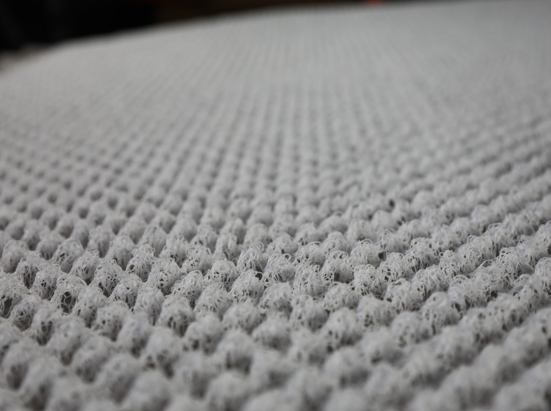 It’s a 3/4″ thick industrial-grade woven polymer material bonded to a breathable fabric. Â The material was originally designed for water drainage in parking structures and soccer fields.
--
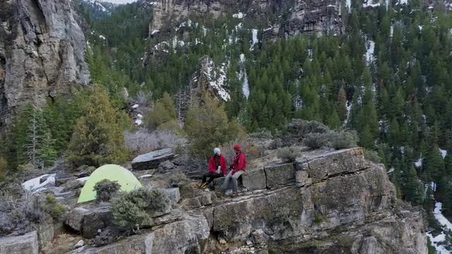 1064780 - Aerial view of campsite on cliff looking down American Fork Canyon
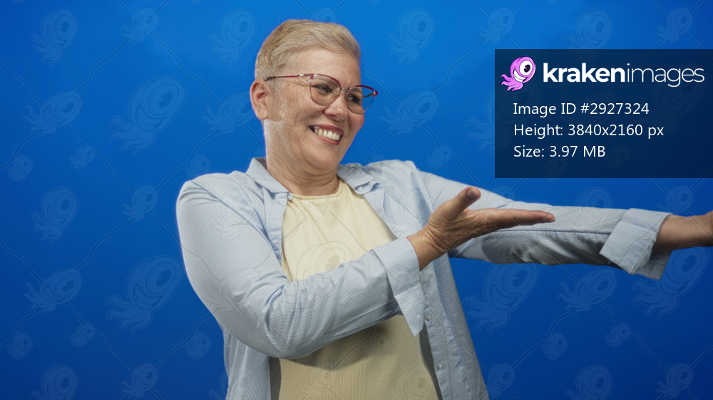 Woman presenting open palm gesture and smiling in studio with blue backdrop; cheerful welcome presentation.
--
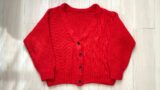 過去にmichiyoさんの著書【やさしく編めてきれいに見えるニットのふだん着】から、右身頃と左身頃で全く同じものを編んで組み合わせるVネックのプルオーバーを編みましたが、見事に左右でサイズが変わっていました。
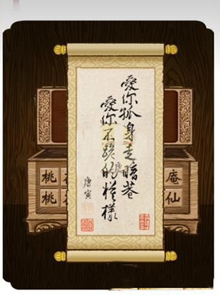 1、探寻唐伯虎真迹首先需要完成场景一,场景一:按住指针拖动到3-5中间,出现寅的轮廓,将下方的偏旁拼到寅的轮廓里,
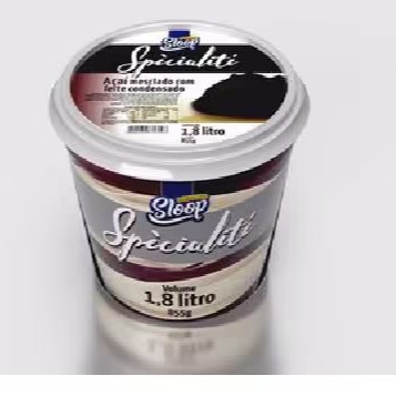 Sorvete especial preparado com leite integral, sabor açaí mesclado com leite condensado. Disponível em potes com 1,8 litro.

Required work
Copy out the lines above from the line containing "1、探寻唐伯虎真迹首先需要完" through the line containing "Sorvete especial preparado", exactly, and keep the pictures out.

Reply
 1、探寻唐伯虎真迹首先需要完成场景一,场景一:按住指针拖动到3-5中间,出现寅的轮廓,将下方的偏旁拼到寅的轮廓里,
 Sorvete especial preparado com leite integral, sabor açaí mesclado com leite condensado. Disponível em potes com 1,8 litro.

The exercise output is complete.